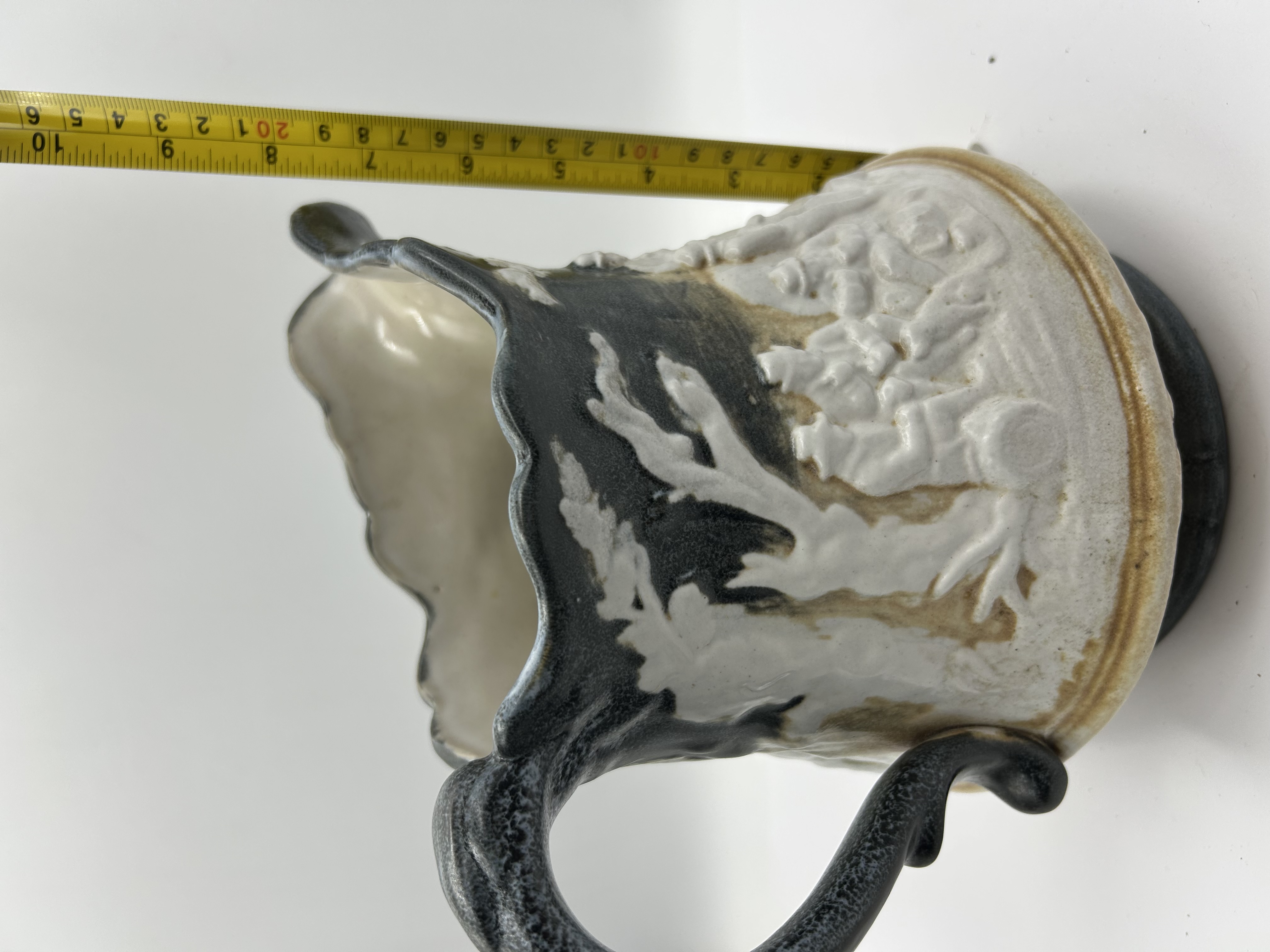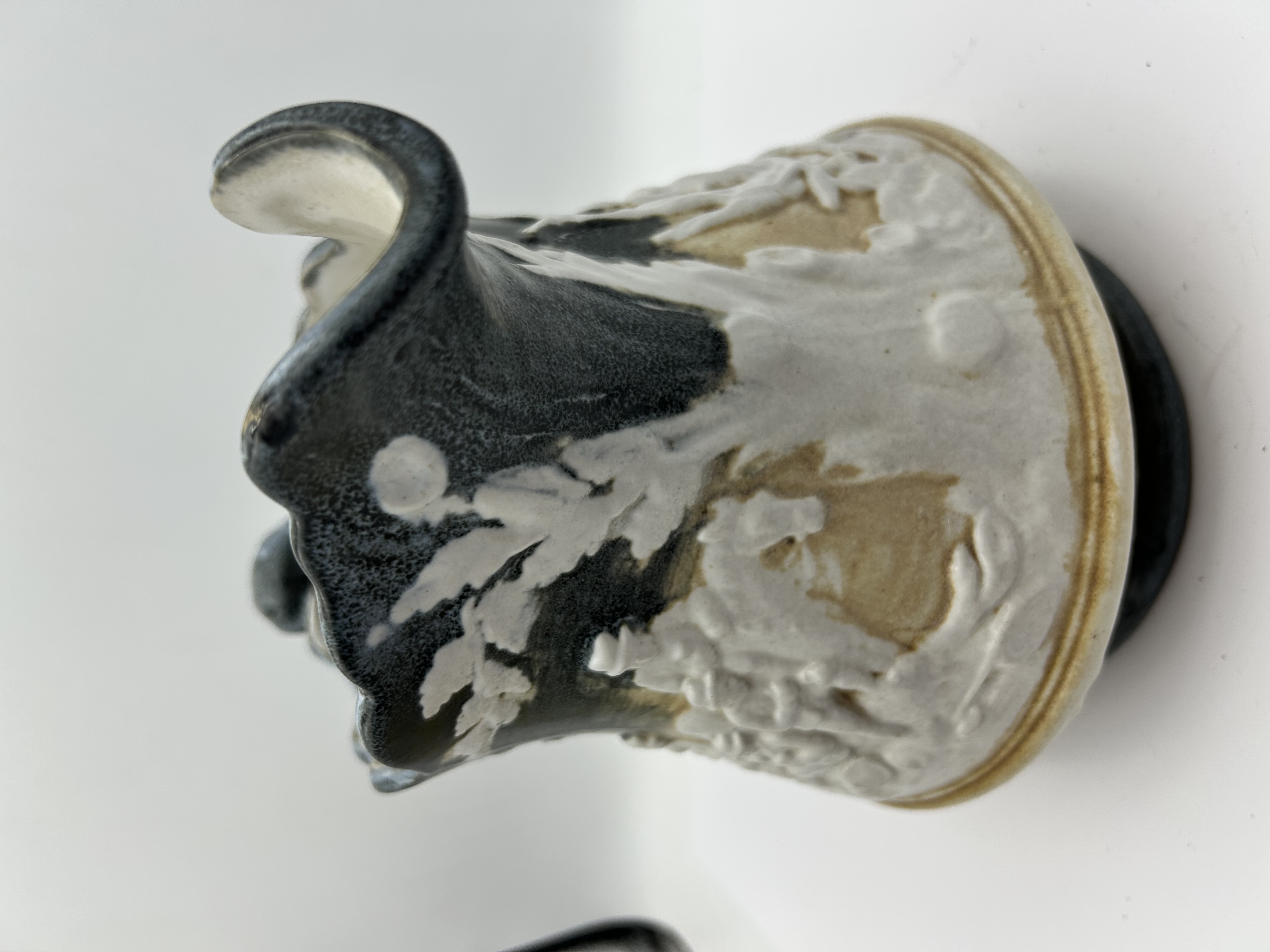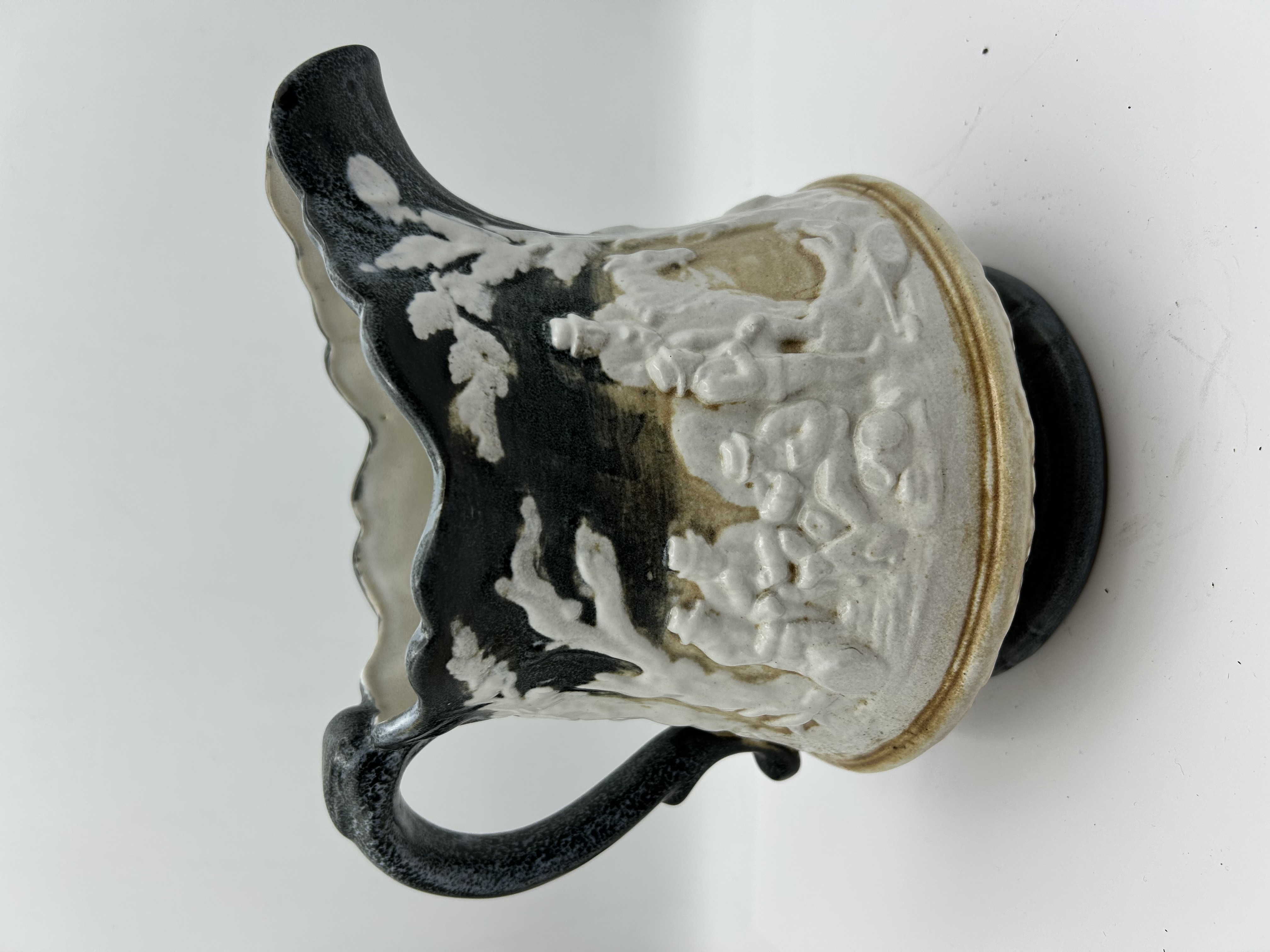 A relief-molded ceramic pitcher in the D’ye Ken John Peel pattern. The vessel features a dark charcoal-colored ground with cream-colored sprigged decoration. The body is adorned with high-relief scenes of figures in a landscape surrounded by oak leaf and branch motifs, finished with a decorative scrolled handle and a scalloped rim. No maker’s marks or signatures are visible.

+ + + + +

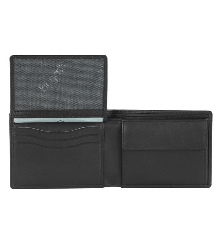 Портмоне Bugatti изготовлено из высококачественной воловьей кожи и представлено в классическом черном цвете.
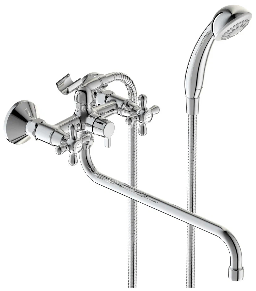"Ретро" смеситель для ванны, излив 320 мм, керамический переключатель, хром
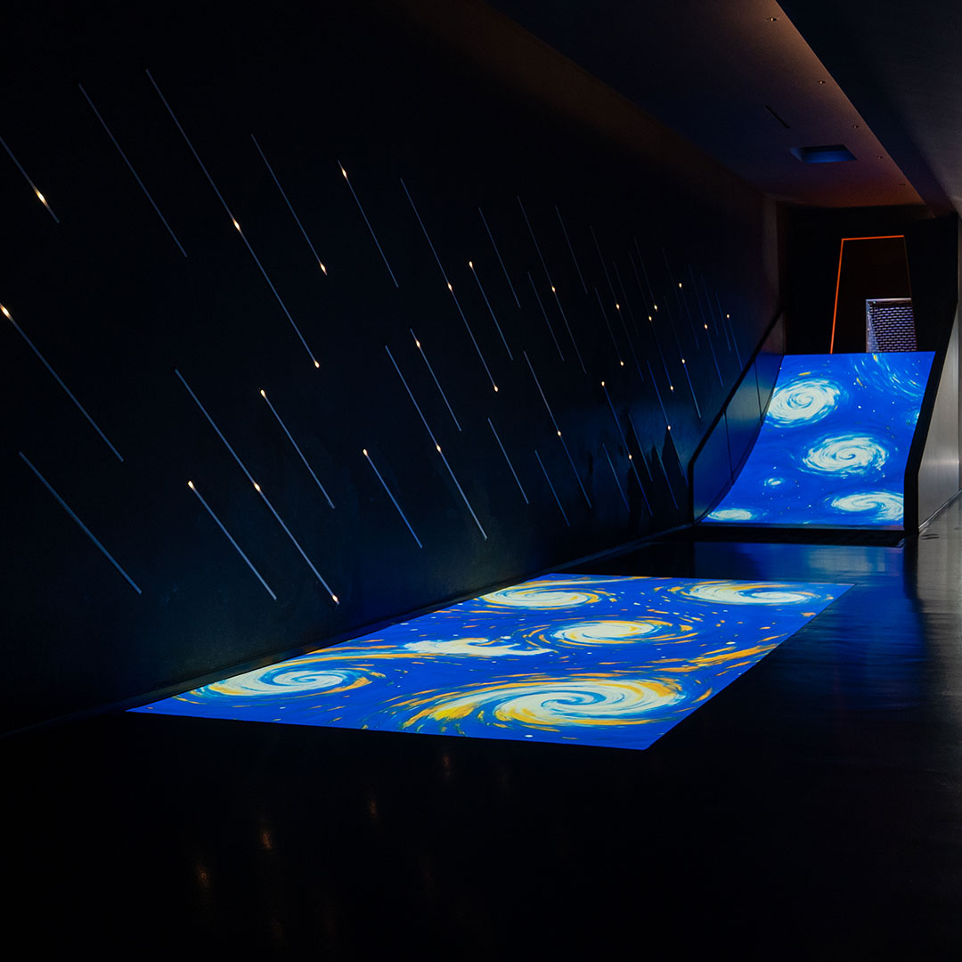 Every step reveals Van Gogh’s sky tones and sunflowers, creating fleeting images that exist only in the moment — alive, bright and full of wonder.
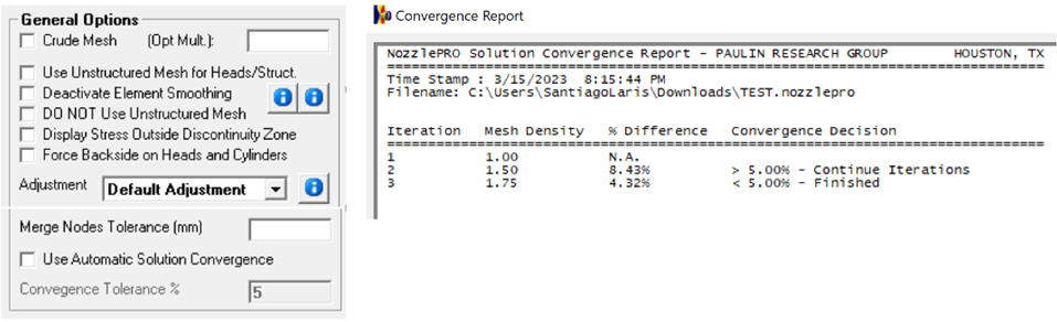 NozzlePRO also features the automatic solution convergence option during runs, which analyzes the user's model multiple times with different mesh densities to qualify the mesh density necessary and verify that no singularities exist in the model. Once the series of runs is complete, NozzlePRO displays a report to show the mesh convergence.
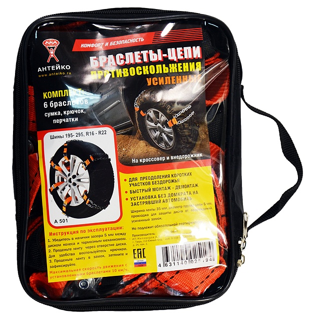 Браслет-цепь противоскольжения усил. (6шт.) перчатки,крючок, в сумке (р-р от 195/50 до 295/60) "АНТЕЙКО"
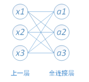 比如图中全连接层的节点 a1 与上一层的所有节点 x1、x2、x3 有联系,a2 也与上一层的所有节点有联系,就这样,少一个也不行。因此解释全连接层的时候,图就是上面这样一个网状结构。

+ + + + +

__REQUIRED ACTION__
Look through the material above. Transcribe exactly the lines between the ones with "Every step reveals" and "比如图中全连接层的节点 a1 与上一层的所有节点", inclusive, and keep pictures out.

__RESPONSE BOX__
 Every step reveals Van Gogh’s sky tones and sunflowers, creating fleeting images that exist only in the moment — alive, bright and full of wonder.
 NozzlePRO also features the automatic solution convergence option during runs, which analyzes the user's model multiple times with different mesh densities to qualify the mesh density necessary and verify that no singularities exist in the model. Once the series of runs is complete, NozzlePRO displays a report to show the mesh convergence.
 Браслет-цепь противоскольжения усил. (6шт.) перчатки,крючок, в сумке (р-р от 195/50 до 295/60) "АНТЕЙКО"
 比如图中全连接层的节点 a1 与上一层的所有节点 x1、x2、x3 有联系,a2 也与上一层的所有节点有联系,就这样,少一个也不行。因此解释全连接层的时候,图就是上面这样一个网状结构。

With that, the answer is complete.